Découragé par l’opinion de son oncle auquel il reconnaissait une lucidité particulière, César tomba de toute la hauteur de son espoir dans les marais fangeux de l’incertitude. Quand, dans ces horribles crises commerciales, un homme n’a pas une âme trempée comme celle de Pillerault, il devient le jouet des événements: il suit les idées d’autrui, les siennes, comme un voyageur court après des feux follets. Il se laisse emporter par le tourbillon au lieu de se coucher sans le regarder quand il passe, ou de s’élever pour en suivre la direction en y échappant. Au milieu de sa douleur, Birotteau se souvint du procès relatif à son emprunt. Il alla rue Vivienne, chez Derville, son avoué, pour commencer au plus tôt la procédure, dans le cas où l’avoué verrait quelque chance de faire annuler le contrat. Le parfumeur trouva Derville enveloppé dans sa robe de chambre en molleton blanc, au coin de son feu, calme et posé, comme tous les avoués rompus aux plus terribles confidences.
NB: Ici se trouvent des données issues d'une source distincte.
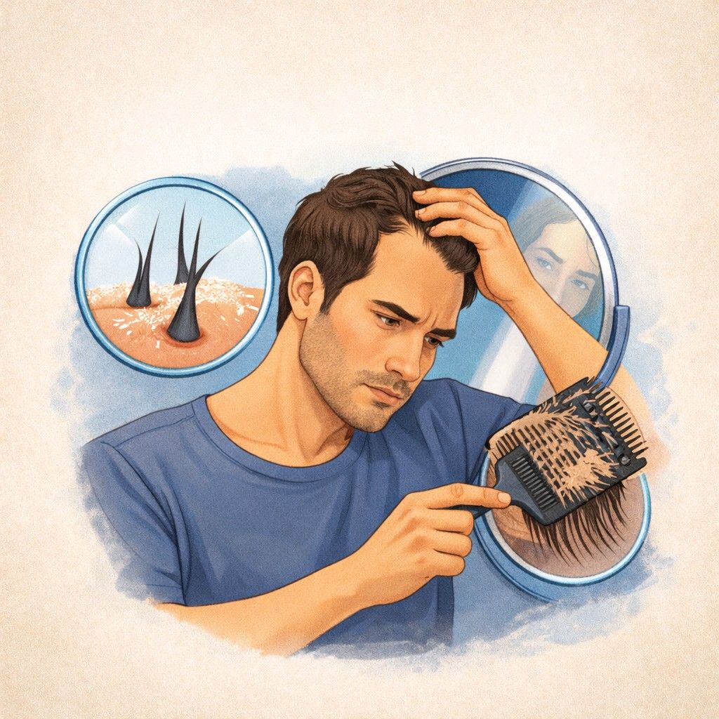 Personalized homeopathic solutions for hair and scalp concerns by addressing root causes, including hair loss, androgenetic alopecia, alopecia areata, hair diseases, and scalp-related conditions.

Birotteau remarqua pour la première fois cette froideur nécessaire, qui glace l’homme passionné, blessé, pris par la fièvre de l’intérêt en danger, et douloureusement atteint dans sa vie, dans son honneur, dans sa femme et ses enfants, comme l’était Birotteau racontant son malheur.

—S’il est prouvé, lui dit Derville après l’avoir écouté, que le prêteur ne possédait plus chez Roguin la somme que Roguin vous faisait lui prêter, comme il n’y a pas eu délivrance d’espèces, il y a lieu à rescision: le prêteur aura son recours sur le cautionnement, comme vous pour vos cent mille francs. Je réponds alors du procès autant qu’on peut en répondre, il n’y a pas de procès gagné d’avance.

L’avis d’un si fort jurisconsulte rendit un peu de courage au parfumeur, qui pria Derville d’obtenir jugement dans la quinzaine. L’avoué répondit que peut-être il aurait avant trois mois un jugement qui annulerait le contrat.

—Dans trois mois! dit le parfumeur qui croyait avoir trouvé des ressources.

—Mais, tout en obtenant une prompte mise au rôle, nous ne pouvons pas mettre votre adversaire à votre pas: il usera des délais de la procédure, les avocats ne sont pas toujours là; qui sait si votre partie adverse ne se laissera pas condamner par défaut? On ne marche pas comme on veut, mon cher maître! dit Derville en souriant.

—Mais au tribunal de commerce? dit Birotteau.

—Oh! dit l’avoué, les juges consulaires et les juges de première instance sont deux sortes de juges. Vous autres, vous sabrez les affaires! Au palais nous avons des formes. La forme est protectrice du droit. Aimeriez-vous un jugement à brûle-pourpoint qui vous ferait perdre vos quarante mille francs? Eh! bien, votre adversaire, qui va voir cette somme compromise, se défendra. Les délais sont les chevaux de frise judiciaires.

—Vous avez raison, dit Birotteau qui salua Derville et sortit la mort dans le cœur.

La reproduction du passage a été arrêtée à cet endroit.